Task item ->
Look below for the line with "Le badge : gratuit" and the line with "prosvetnega društva na". Copy exactly those two lines and every line between, but not the pictures.

-------- Records

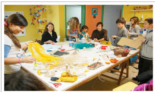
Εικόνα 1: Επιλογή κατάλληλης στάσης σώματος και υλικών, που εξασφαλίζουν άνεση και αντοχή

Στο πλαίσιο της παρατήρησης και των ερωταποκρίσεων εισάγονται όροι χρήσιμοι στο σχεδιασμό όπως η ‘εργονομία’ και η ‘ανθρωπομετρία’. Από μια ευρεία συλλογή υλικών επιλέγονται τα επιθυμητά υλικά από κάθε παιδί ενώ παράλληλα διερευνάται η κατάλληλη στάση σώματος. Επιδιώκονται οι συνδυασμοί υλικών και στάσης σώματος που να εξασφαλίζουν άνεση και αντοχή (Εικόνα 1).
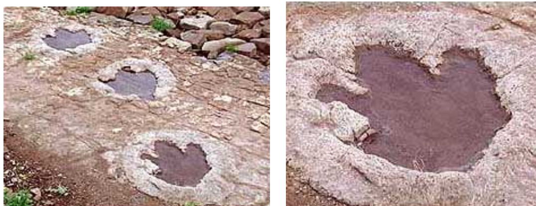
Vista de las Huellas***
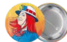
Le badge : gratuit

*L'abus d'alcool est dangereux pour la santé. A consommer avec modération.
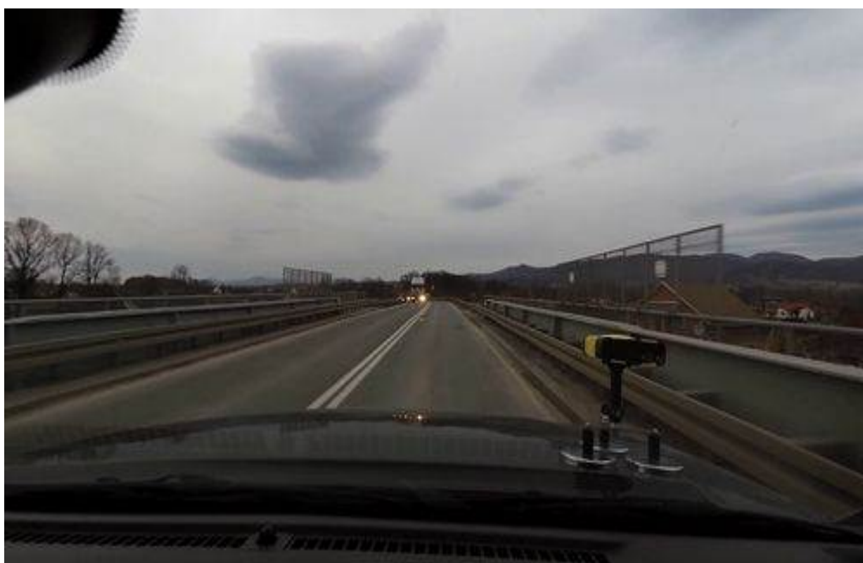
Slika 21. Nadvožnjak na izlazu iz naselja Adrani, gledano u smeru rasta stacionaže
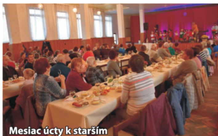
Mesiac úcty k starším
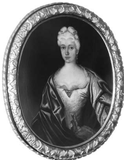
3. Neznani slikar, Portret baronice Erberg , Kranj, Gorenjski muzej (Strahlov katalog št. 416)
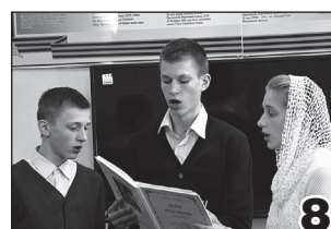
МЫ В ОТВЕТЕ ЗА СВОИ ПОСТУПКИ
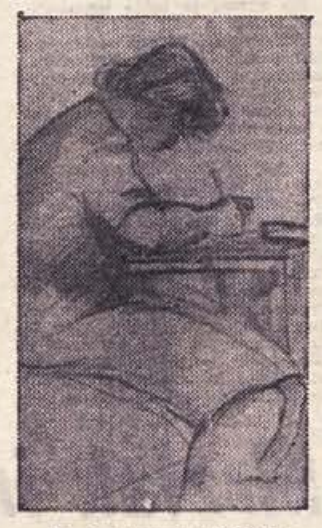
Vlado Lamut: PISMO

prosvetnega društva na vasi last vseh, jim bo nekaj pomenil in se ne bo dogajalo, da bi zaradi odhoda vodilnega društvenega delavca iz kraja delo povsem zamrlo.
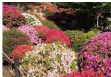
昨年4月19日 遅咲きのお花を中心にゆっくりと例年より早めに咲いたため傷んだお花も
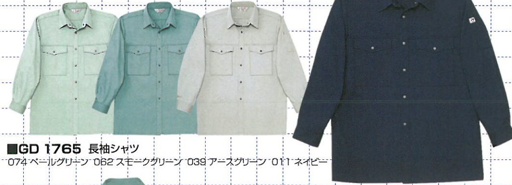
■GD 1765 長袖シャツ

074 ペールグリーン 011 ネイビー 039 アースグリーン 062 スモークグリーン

----------------

Response area ->
Le badge : gratuit

*L'abus d'alcool est dangereux pour la santé. A consommer avec modération.
Slika 21. Nadvožnjak na izlazu iz naselja Adrani, gledano u smeru rasta stacionaže
Mesiac úcty k starším
3. Neznani slikar, Portret baronice Erberg , Kranj, Gorenjski muzej (Strahlov katalog št. 416)
МЫ В ОТВЕТЕ ЗА СВОИ ПОСТУПКИ
Vlado Lamut: PISMO

prosvetnega društva na vasi last vseh, jim bo nekaj pomenil in se ne bo dogajalo, da bi zaradi odhoda vodilnega društvenega delavca iz kraja delo povsem zamrlo.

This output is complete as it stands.